Documentation (AI-Drafted)

The engineer pasted the controller and service code into Claude with the prompt:

Generate API documentation for this NestJS controller in markdown format.
Include: endpoint, method, request body, response body,
error codes, and a curl example for each endpoint.

Claude produced documentation for all 5 endpoints. The engineer corrected two response type descriptions and added a section on authentication requirements that the AI had no context for.

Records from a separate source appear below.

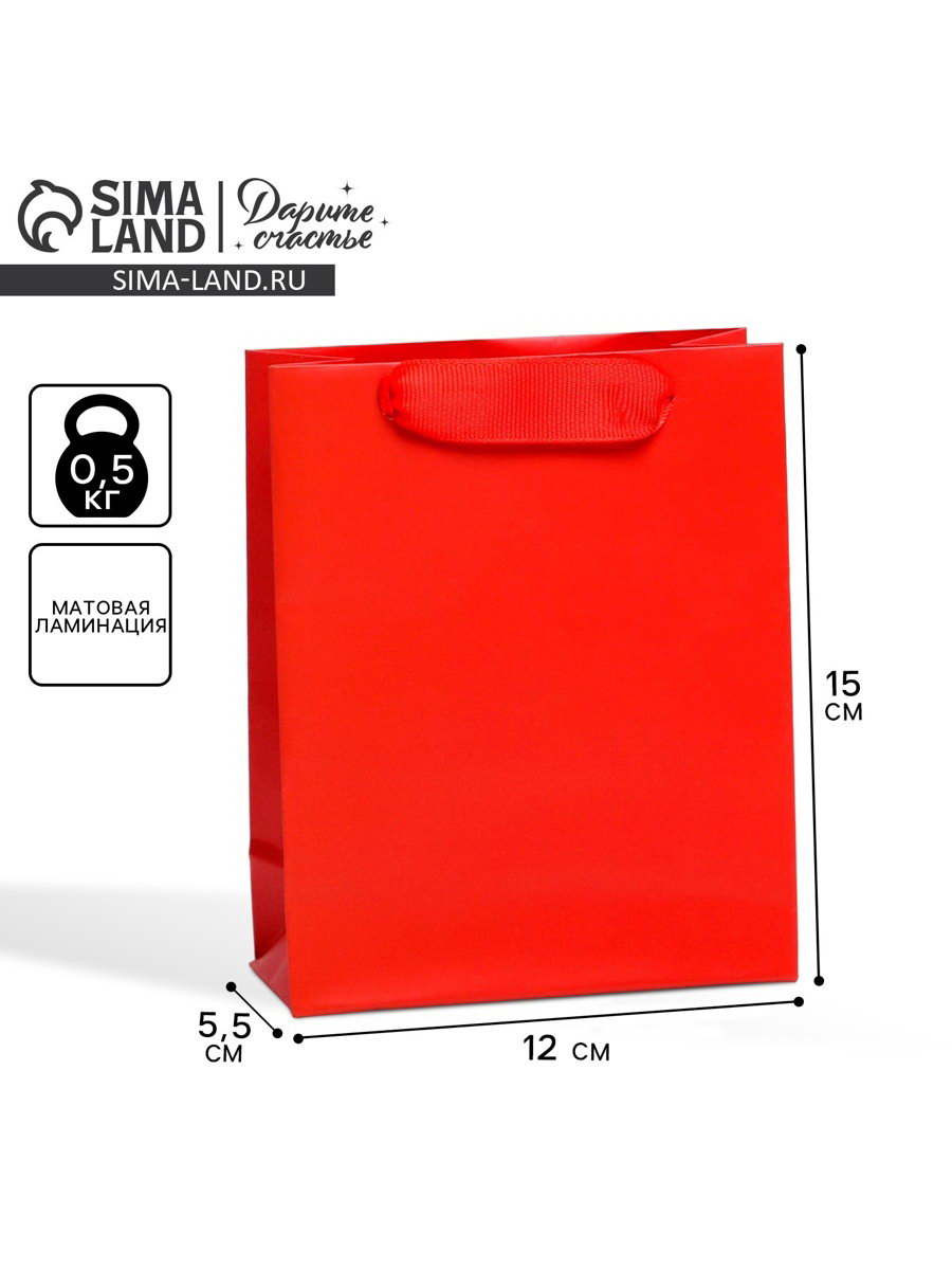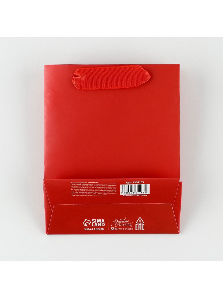 Пакет подарочный ламинированный, упаковка, "Красный", S 12 x 15 x 5.5 см, 12x12x5.5 см., Дарите Счастье, Китай
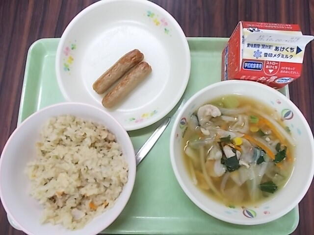 チキンピラフ 牛乳 ウインナーソテー 野菜スープ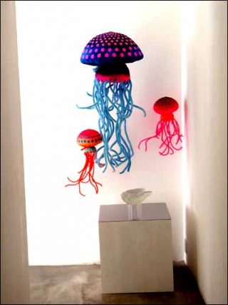 — Installation With Meduses. Plaque en acier poli et objets en verre et nylon coloré.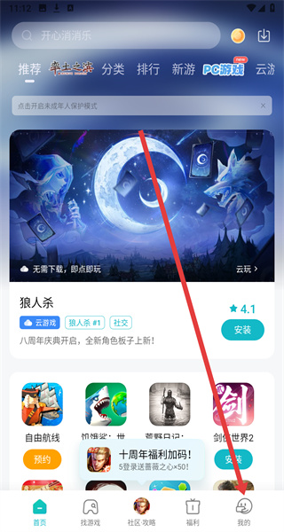 1、在進入到小米游戲中心首頁中,可以點擊我的按鈕,進入我的主頁。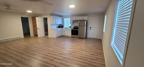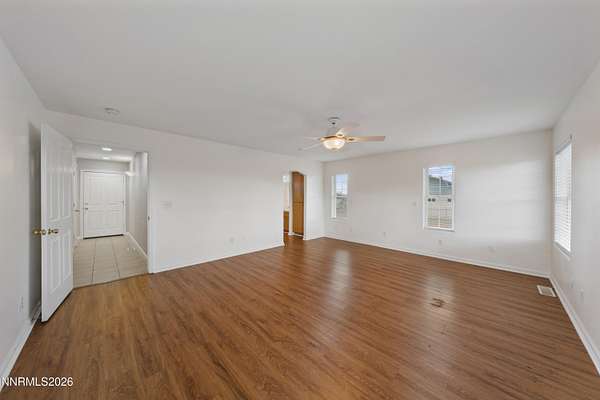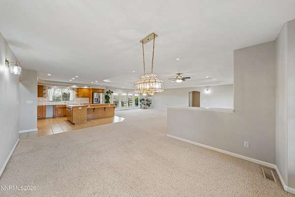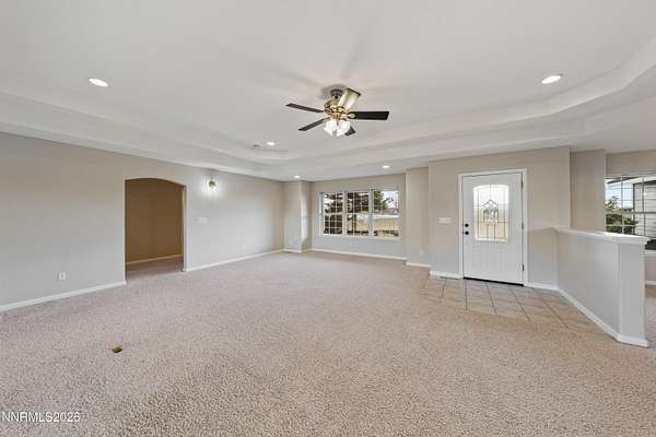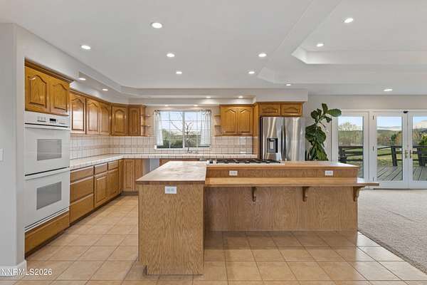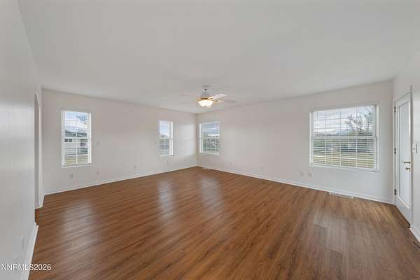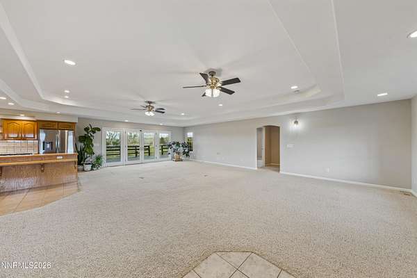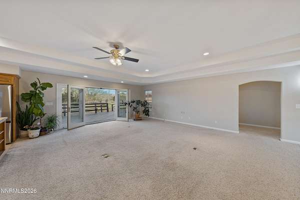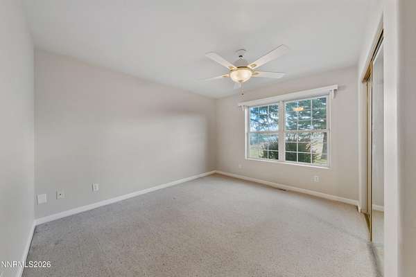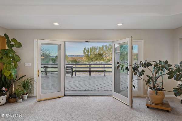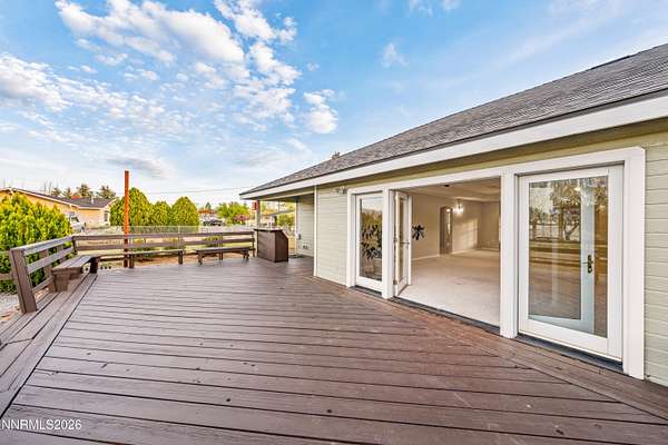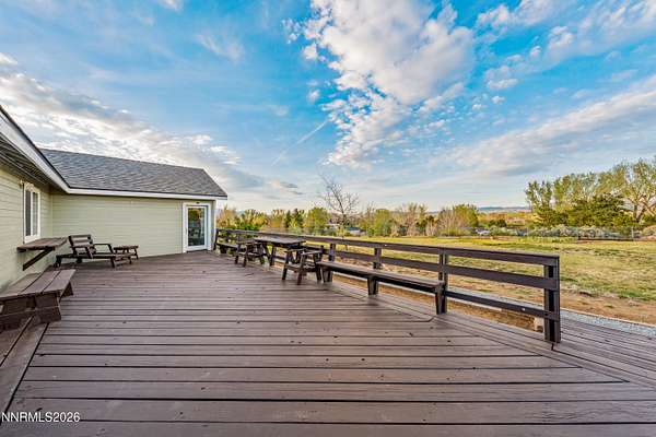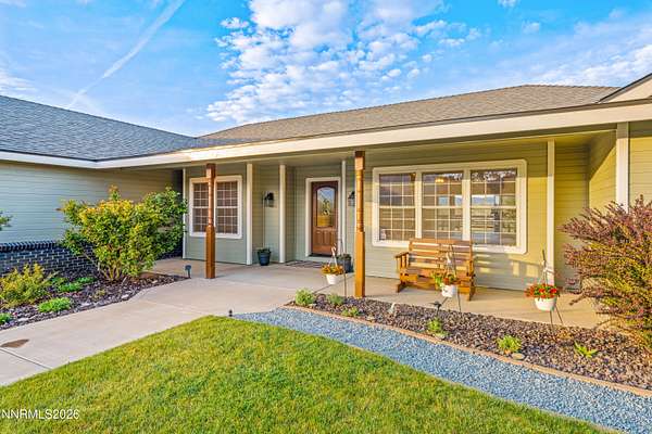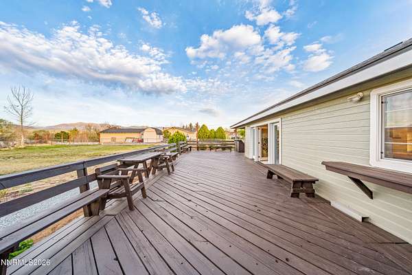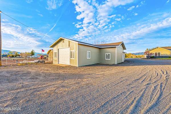 Welcome to this stunning 3-bedroom, 2-bathroom home, perfectly situated on a private 2.1-acre parcel with breathtaking, unobstructed views of the Sierra Nevada mountains to the west and the rugged Pinenut Mountains to the east. From almost every window and the expansive rear deck, the panoramic vistas stretch for miles-snow-capped peaks in winter, golden sunsets year-round, and endless high-desert skies that make every day feel like a getaway.The home itself features a thoughtful split-floor-plan layout that balances privacy and openness. The generously sized primary suite sits on one side of the house, while the two secondary bedrooms and guest bath occupy the opposite wing, giving everyone their own space. Inside, the open-concept great room flows seamlessly from a bright, light-filled kitchen with abundant counter space and breakfast bar into the spacious living and dining areas. Interior has tons of natural light, highlighting the fresh, neutral paint throughout-inside and out-that makes the home feel brand new. Open floorplan and wide hallways add to the airy, welcoming feel. Step outside onto the massive deck (nearly 500 sq ft) that overlooks the mountains and backyard. It's the ultimate entertaining space, complete with room for a full outdoor kitchen, making it perfect for evening gatherings. Mature landscaping surrounds the property with established trees, low-maintenance xeriscape, colorful perennials, and a gentle lawn area-creating a park-like setting that's both beautiful and easy to maintain.Additional highlights include a brand-new 30-year composite roof on the main home, ensuring peace of mind for decades to come. A large shop building featuring a massive 40-foot RV bay with a 12-foot overhead door-perfect for storing your motorhome, boat, or multiple vehicles. The shop also includes, oversized workbench area, and plenty of storage, making it ideal for hobbies, business, or simply keeping your toys protected.Best of all, the property includes a separate ADU (Accessory Dwelling Unit) that adds over 1,000 sq ft of bonus living space not counted in the main home's square footage. This fully self-contained unit features its own kitchen, full bathroom, living area, and private entrance-perfect for extended family, guests, rental income, or a home office with mountain views.With fresh paint, a new roof, mature landscaping, and those jaw-dropping mountain views from every angle, this home offers the perfect blend of modern comfort, privacy, and endless outdoor lifestyle potential. It's move-in ready and waiting for you to start making memories.

Time spent: 20 minutes. Estimated without AI: 1.5 hours.

Total Timeline

PhaseWith AIWithout AI (est.)
Ticket analysis15 min45 min
Module scaffolding45 min2 hours
Business logic4 hours4 hours
Test writing2.5 hours4.5 hours
PR review25 min50 min
Documentation20 min1.5 hours
Total~3.5 days~5.5 days

The time savings came from the mechanical tasks: scaffolding, test generation, documentation. The core business logic — the hard part — took the same time regardless of AI assistance. This is the honest picture: AI compresses the easy work, not the hard work. But easy work still takes time, and compressing it means engineers spend more of their day on the problems that actually require engineering judgment.

Conclusion

AI tools have become a permanent part of our engineering workflow at Stripe Systems. They are not a silver bullet — they are more like a very fast junior developer who is good at pattern matching but has no business context and cannot be trusted with anything security-sensitive.

The key to productive AI use is knowing where the boundaries are. Use AI for boilerplate, scaffolding, test generation, and documentation. Write business logic, security code, and architecture decisions yourself. Review everything AI generates with the same rigor you would apply to code from a new team member.

The 22% velocity improvement is real, but it came from disciplined adoption, clear governance, and honest measurement — not from blindly accepting AI suggestions and hoping for the best.